At the annual board retreat in January 2009, the president and senior leadership team presented a summary of the ten most important issues facing the college, as well as steps being taken to address those issues:

  1. Inability to maintain enrollment
  2. Inability to adjust to stock market and high levels of debt
  3. Breakdown of “high-cost/high-discount” business model
  4. Loss of reputation
  5. Breakdown of trust between board, administration, faculty and staff
  6. Neighborhood concerns
  7. Change in federal or state financial aid policies
  8. Failure to address deferred maintenance
  9. Natural or manmade disasters
  10. Inept management or complacency of the board, administration or faculty

So, the idea of risk and assessing vulnerabilities is not new to the college, but members of the Strategic Planning Task Force believed it was prudent to revisit the risks identified in 2009 to determine if any or all were still relevant.

Re-Reviewing Augustana’s Risks

This re-review of the risks facing Augustana College was the foundation for the plan we developed.

Early in the planning process, The Strategic Planning Task Force reevaluated the risks identified in 2009 and asked whether or not each risk was still relevant. The group then went a step beyond, and asked whether or not the college had “any control” over the identified risk.

This question was critical because it demonstrated that the Strategic Planning Task Force understood right away that our plan must focus on those things we can control.

Grading Augustana’s Risk

To help the  The Strategic Planning Task Force set the college’s strategic direction and focus on vulnerabilities over which we have some control, the risks were grouped in the following way.

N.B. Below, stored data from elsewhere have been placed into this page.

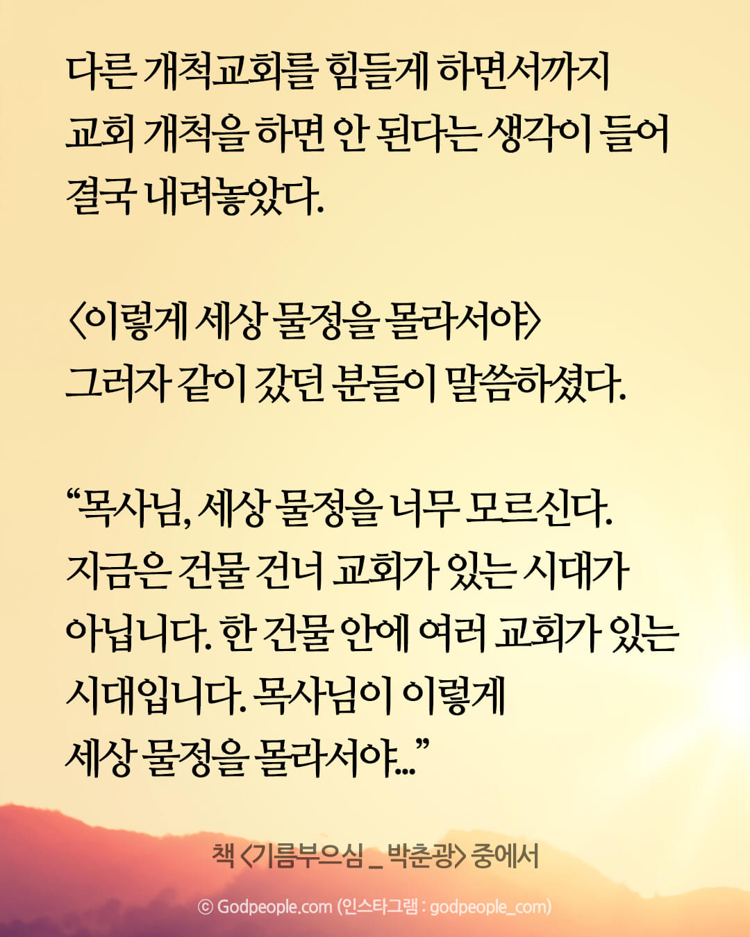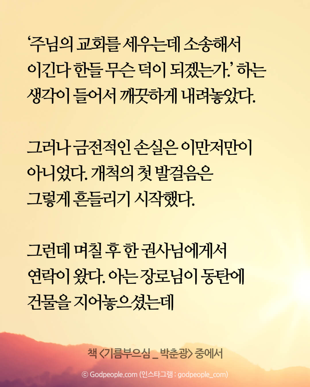 주님의 은혜가 있으면 큰 산도 평지처럼 걷는다.
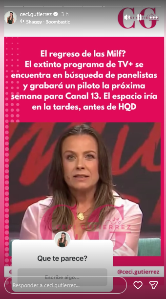 Cecilia Gutiérrez contó en su cuenta de Instagram que el recordado programa Milf, encabezado por Claudia Conserva, podría volver a la televisión abierta.
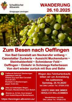 Dort geht es kurz bergauf zum Aussichtspunkt Muckensturm. Über Steinhaldenfeld und das Schmiedener Feld erreichen wir Oeffingen, wo wir im Schmiegs Kellerbesen einkehren. Zu dieser schönen Wanderung laden wir ein und freuen uns über viele Mitwanderer. Auch Gäste sind herzlich willkommen. Die Strecke beträgt ca. 8,5 km, alles auf befestigten Wegen. Die Rückfahrt erfolgt wieder mit Bus und Bahn nach Oberlenningen. Ankunft gegen 18:00 Uhr. Wegen des Fahrkartenkaufs bitten wir um Anmeldung bis spätestens Samstag 25.10.2025 bei Otto Leitner, Tel. 07026-2152
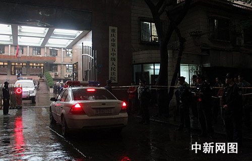 盡管早上的山城雨霧蒙蒙、天氣灰暗。中新社記者在重慶市第五中級法院門口看到,各路媒體記者已在法院內(nèi)外忙碌。可以旁聽庭審的記者在9點(diǎn)以前便通過嚴(yán)格安檢、進(jìn)入法庭;在法院門口,聚集了數(shù)十位本地和外地媒體記者和百名群眾,一位外國媒體記者也在現(xiàn)場采訪圍觀群眾。
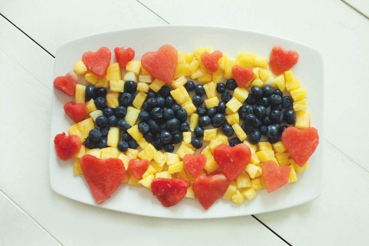- On a serving platter, arrange the blueberries so they spell "XOXO". Fill in around the blueberries with the pineapple chunks. Place the heart shaped watermelon pieces around the edge of the platter.
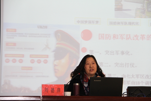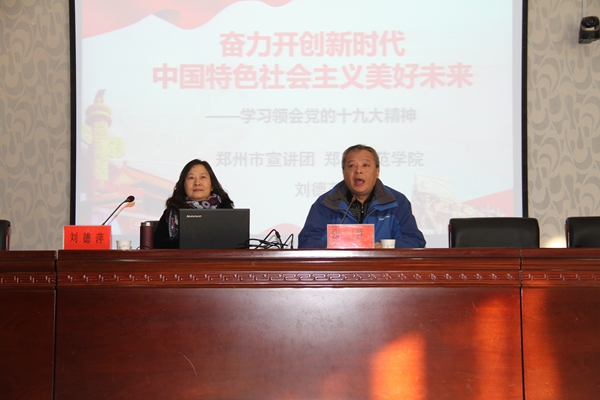 会上,刘德萍作了题为“奋力开创新时代中国特色社会主义美好未来”的报告,刘教授从党的十九大主题,新时代中国特色社会主义的深刻变革、历史使命、理论指导、基本方略、战略部署以及十九大精神在河南落实等方面深入浅出、通俗易懂地解读了十九大精神。整个报告既有理论高度,又有很强的现实指导意义;既深刻生动,又联系实际,特别是党的十九大对教育工作提出的新要求、新任务,在参会人员中引起热烈反响。
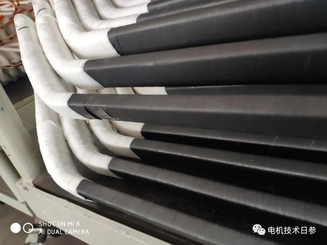 為了加強電機絕緣的絕緣性能,避免高壓電機運行時的電暈問題,先包云母材料,再包電阻帶。線圈的直線側用低止動帶包裹,而線圈的末端用高止動帶包裹。包扎過程中,必須將高阻帶和低阻帶的界面控制到位,避免包扎空缺。纏繞在線圈上的電阻帶可以有效改善線圈與鐵芯的接觸,減小線圈與鐵芯的間隙,對云母絕緣材料起到一定的保護作用。在生產加工過程中,當線圈與鐵芯之間的間隙較大時,還應采取必要的措施進行絕緣填充。
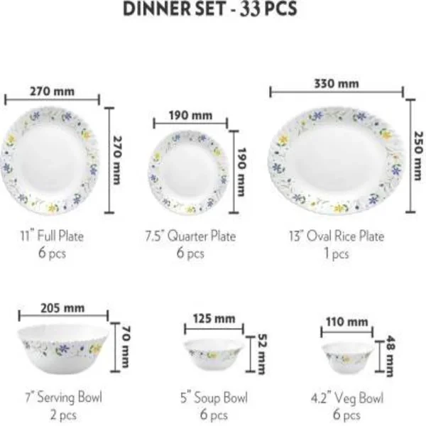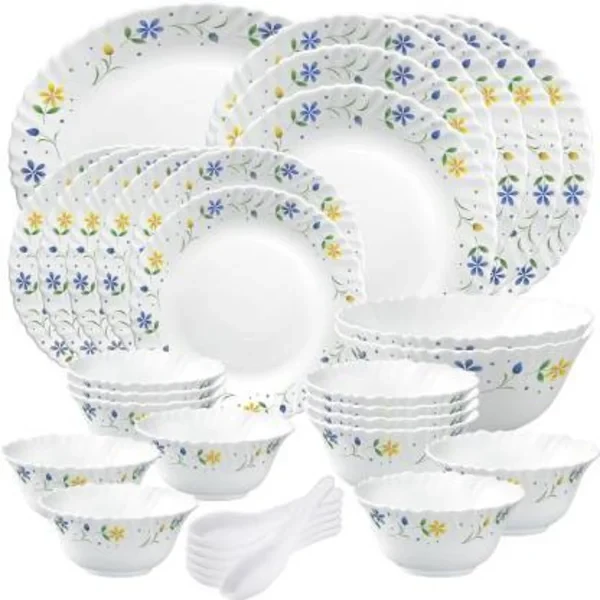 The stain resistant, non-porous and non-toxic material used in La Opala dinnerware makes it a durable and versatile set even for everyday or occasional use. Perfect in its simple design and lightweight nature for ease of use, this chip-resistant La Opala dinner set is a great buy This dinner set includes 6 Full Plates, 6 Quarter Plates, 6 Veg bowls, 6 Soup bowls , 6 Soup spoons, 2 Serving bowls, 2 Serving bowls cover and 1 Rice plate The LaOpala Dinner Set is resistant to thermal shock. So, even when you heat food in it using the microwave, it will last long while offering you hygiene and safety each time. It is FDA-approved and fade resistant to last you longer than ordinary dinner sets. The shiny opal glass finish and the pristine white colour together is sure to add a class to your table. Set your table in style with the dinner set and make the spread look more appealing. Make your everyday dining affair a special one with the Dinner set And serve food in an enticing manner.

Risks facing all of higher education and those colleges in our sector  over which we have little control:

  • Natural or man-made disaster
  • Loss of state and federal aid
  • Endowment losses and market volatility
  • General attack on higher education
  • Lack of meaningful measurement of core learning outcomes
  • Sustainability of the liberal arts model

Risks facing all in higher education and which we can minimize through strategic focus, planning and programming:

  • Difficult job and graduate school market
  • Calls for accountability and demonstration of effectiveness and outcomes
  • Inability to advance reputation
  • Inability to respond swiftly to the market or a crisis
  • Changing demographics in employee base and student body
  • Breakdown in the high-cost/high-discount model

Risks facing Augustana that we must minimize through strategic focus, planning and programming:

  • Physical plant
  • Neighborhood
  • Tuition dependence

This exercise helped the Strategic Planning Task Force narrow its focus and develop those risks that most deserve our strategic focus.

A Contemporary and Realistic View of the Risks Augustana Faces

Although our list of ten quickly grew to 15, we were able to ultimately settle on eight contemporary risks, with the understanding that 1) each area is something over which we have control, and 2) the inability to address each could have a significant impact on the college.

  1. Inability to maintain full-time, on-campus enrollment of 2,500 students from diverse backgrounds without significantly increasing the tuition discount rate
  2. Inability to maintain and develop the necessary financial resources to deliver our mission/program
  3. Inability to prepare our graduates to stand out to employers and graduate schools
  4. Inability to demonstrate the college’s value, advance our reputation and earn positive recognition
  5. Inability to successfully recruit, motivate, diversify and develop our human resource base
  6. Inability to address issues related to our physical plant, including technology infrastructure and deferred maintenance, in a timely manner
  7. Inability to respond to adverse changes to our neighborhood and/or broader community
  8. Inability to respond quickly and proactively to external conditions

In agreeing on these risks, we clearly delineated the boundaries of our risk profile—those things that uniquely or independently impact our college and those things that others also may face, but to which we are committed to being better than anyone else. We had a strategic direction that mattered.